Modelling stromal compartments to recapitulate the ameloblastoma tumour microenvironment

Deniz Bakkalci; Amir Zaki Abdullah Zubir; Syed Ali Khurram; Judith Pape; Kristiina Heikinheimo; Stefano Fedele; Umber Cheema

doi:10.1016/j.mbplus.2022.100125

Modelling stromal compartments to recapitulate the ameloblastoma tumour microenvironment

Matrix Biol Plus. 2022 Nov 21:16:100125. doi: 10.1016/j.mbplus.2022.100125. eCollection 2022 Dec.

Authors

Deniz Bakkalci¹, Amir Zaki Abdullah Zubir², Syed Ali Khurram², Judith Pape¹, Kristiina Heikinheimo³, Stefano Fedele⁴, Umber Cheema¹

Affiliations

¹ UCL Centre for 3D Models of Health and Disease, Division of Surgery and Interventional Science, University College London, Charles Bell House, 43-45 Foley Street, W1W 7TS London, UK.
² Unit of Oral and Maxillofacial Pathology, School of Clinical Dentistry, University of Sheffield, 19 Claremont Crescent, S10 2TA Sheffield, UK.
³ Department of Oral and Maxillofacial Surgery, Institute of Dentistry, University of Turku and Turku University Hospital, Turku, Finland.
⁴ Eastman Dental Institute, University College London, London, UK.

Abstract

Tumour development and progression is dependent upon tumour cell interaction with the tissue stroma. Bioengineering the tumour-stroma microenvironment (TME) into 3D biomimetic models is crucial to gain insight into tumour cell development and progression pathways and identify therapeutic targets. Ameloblastoma is a benign but locally aggressive epithelial odontogenic neoplasm that mainly occurs in the jawbone and can cause significant morbidity and sometimes death. The molecular mechanisms for ameloblastoma progression are poorly understood. A spatial model recapitulating the tumour and stroma was engineered to show that without a relevant stromal population, tumour invasion is quantitatively decreased. Where a relevant stroma was engineered in dense collagen populated by gingival fibroblasts, enhanced receptor activator of nuclear factor kappa-B ligand (RANKL) expression was observed and histopathological properties, including ameloblastoma tumour islands, developed and were quantified. Using human osteoblasts (bone stroma) further enhanced the biomimicry of ameloblastoma histopathological phenotypes. This work demonstrates the importance of the two key stromal populations, osteoblasts, and gingival fibroblasts, for accurate 3D biomimetic ameloblastoma modelling.

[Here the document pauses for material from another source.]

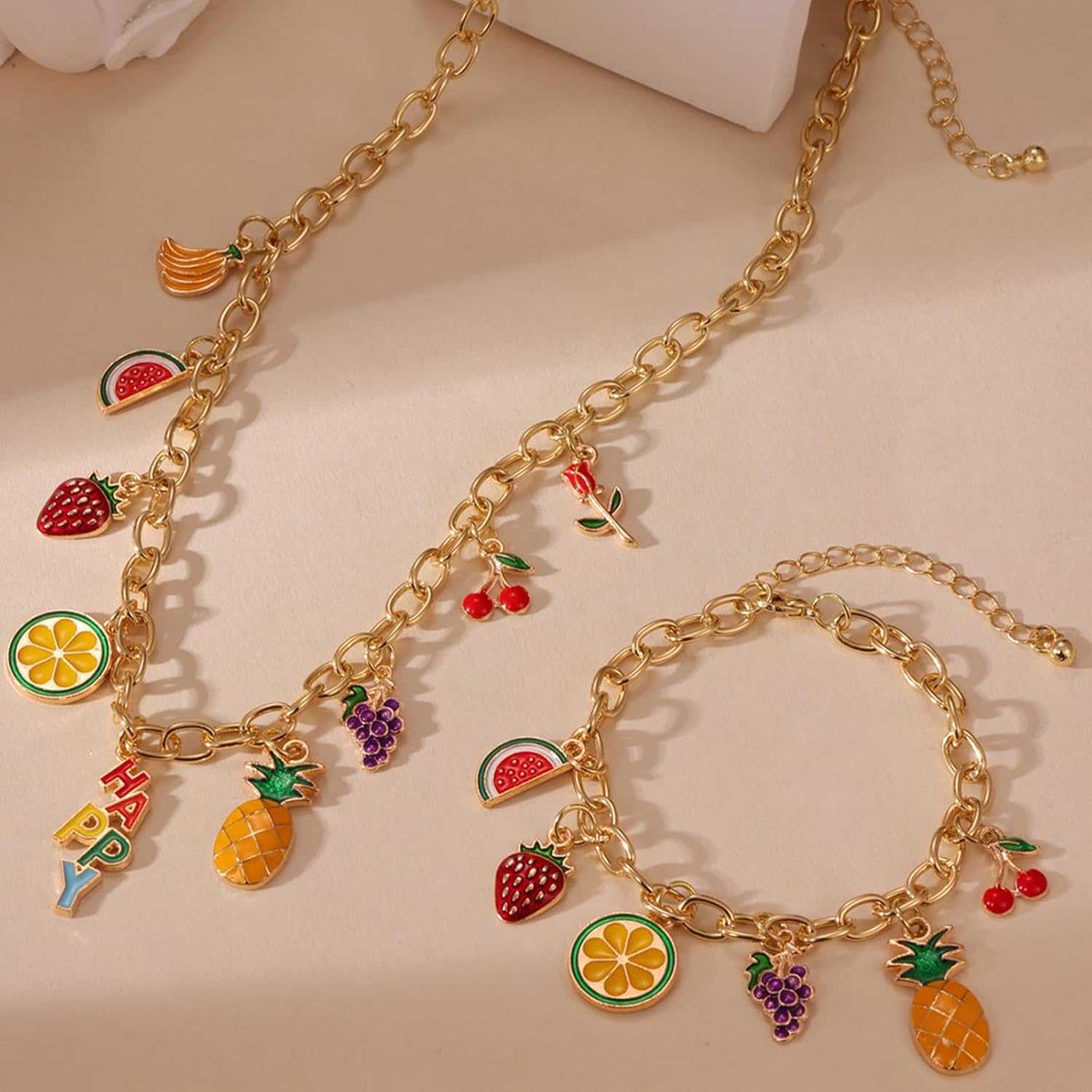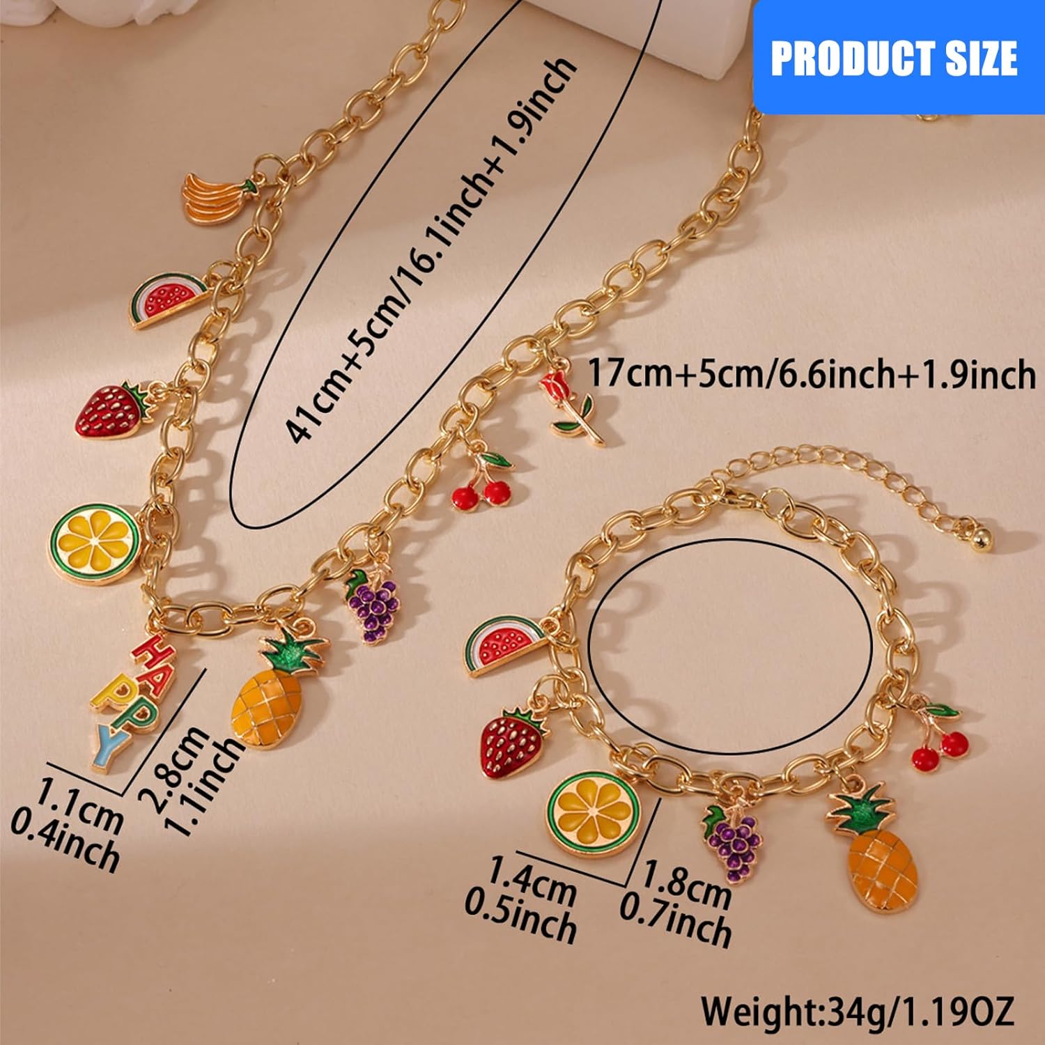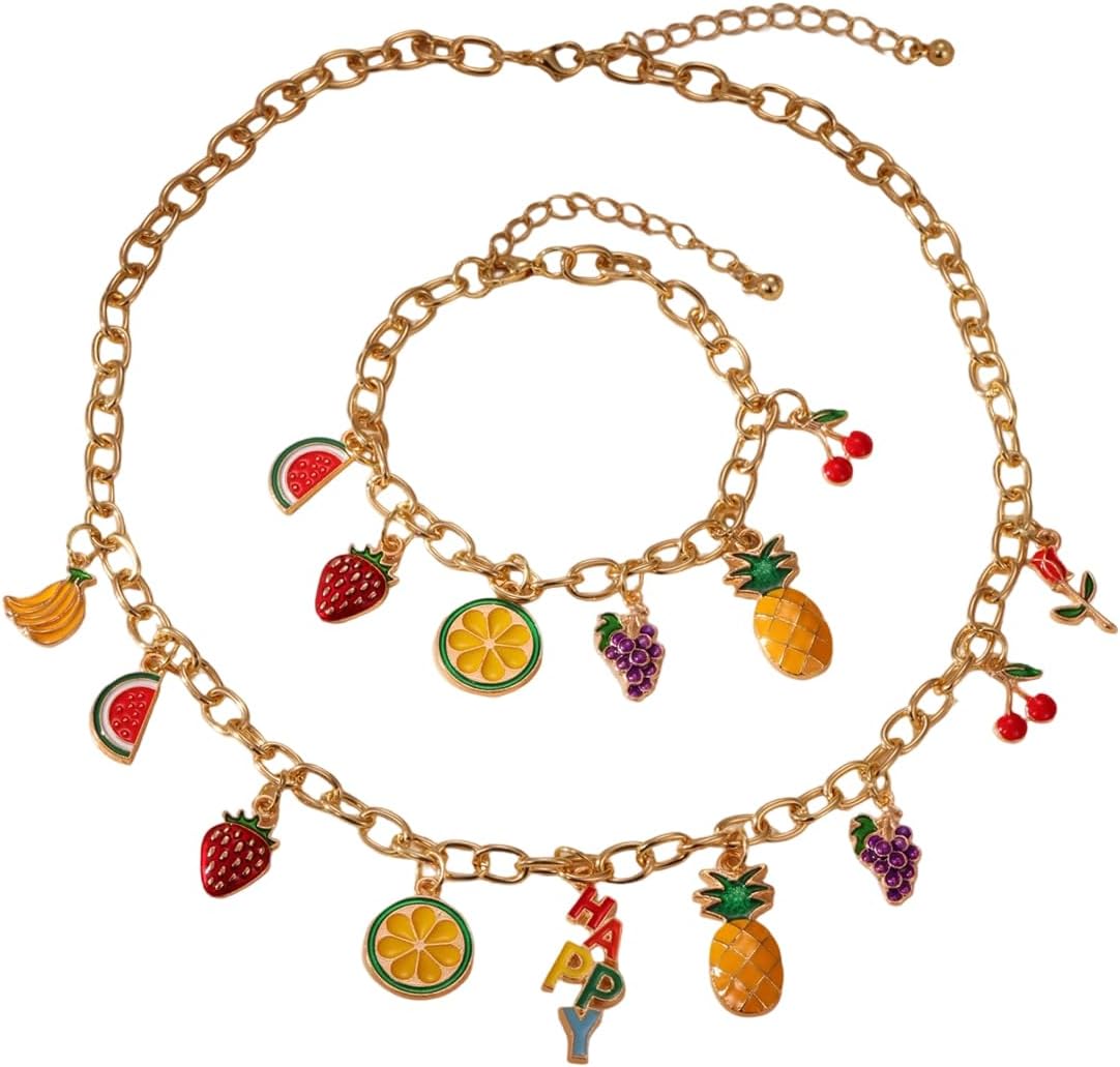 Bracciale unico con frutta, collana, catena, gioielli, struttura in acciaio inossidabile, braccialetto regolabile, da indossare e tutti i giorni Caratteristiche: Vivace set gioielli a tema frutta con motivi anguria, fragola e ciliegie, realizzati in acciaio inossidabile per lucentezza e comfort duraturi. Catene regolabili per collana e bracciale con finitura che garantisce l'usura, adattandosi facilmente a varie dimensioni polsi e collo. Progettato per trend setter e persone in cerca regali che amano accessori giocosi e accattivanti per valorizzare outfit casual o look da festa. Abbina questo set gioielli con frutta a vestiti, giacche o abiti da festival per mostrare la tua vivace personalità. La struttura leggera robusta in acciaio inossidabile lo rende un accessorio quotidiano o un regalo affascinante per compleanni e anniversari. Specifiche: Componente: acciaio inossidabile Dimensioni della collana: 16,1+1,9 pollici (41+5 cm) Misura del braccialetto: 6,6+1,9 pollici (17+5 cm) La confezione include: 1x collana 1x braccialetto Nota: prega consentire errori 1-2 cm dovuti alla misurazione manuale. A causa delle differenze tra i diversi monitor, l'immagine potrebbe non riflettere colore effettivo articolo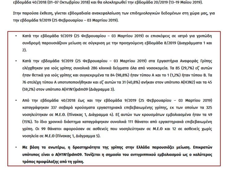 Εξ αυτών των κρουσμάτων εμβολιασμένα ήταν τα 49(15%). Το ίδιο χρονικό διάστημα καταγράφηκαν συνολικά 111 θάνατοι από εργαστηριακά επιβεβαιωμένη γρίπη. Οι 99 θάνατοι αφορούσαν σε ασθενείς που νοσηλεύτηκαν σε Μ.Ε.Θ και 12 σε ασθενείς χωρίς νοσηλεία σε Μ.Ε.Θ.».

Keywords: 3D models; AM, Ameloblastoma; BPE, Bovine pituitary extract; BSA, Bovine serum albumin; CCN, Cellular communication network factor 2; DMEM, Dulbecco’s modified Eagle medium; ECM, Extracellular matrix; FBS, Foetal bovine serum; Fibroblasts; H&E, Haematoxylin and eosin; HFF-2, Human fibroblasts (HFF-2); HGF, Primary gingival fibroblasts; IF, Immunofluorescence; IHC; IHC, Immunohistochemistry; M, Molar; MEM, Minimal Essential Medium; MIQE, Minimum Information for Publication of Quantitative Real-Time PCR Experiments; MMPs, Matrix metalloproteinases; MRC5, Human lung fibroblasts; Min, Minutes; N.A, Neutralising agent; PTHLH, Parathyroid Hormone Like Hormone; RANK, The tumour necrosis factor (TNF) superfamily members receptor activator of nuclear factor kappa-B receptor; RANKL; RANKL, The tumour necrosis factor (TNF) superfamily members receptor activator of nuclear factor kappa-B ligand (TNFSF11); RT, Room temperature; SD, Standard deviation; SEM, Standard error mean; SPARC, anti-osteonectin; TGF-β, Transforming growth factor; TME, Tumour microenvironment; TNF, Tumour necrosis factor; Tumour microenvironment; dl-CGH, Double-layered collagen gel hemisphere; hOB, Human osteoblasts; α-SMA, alpha-smooth muscle actin.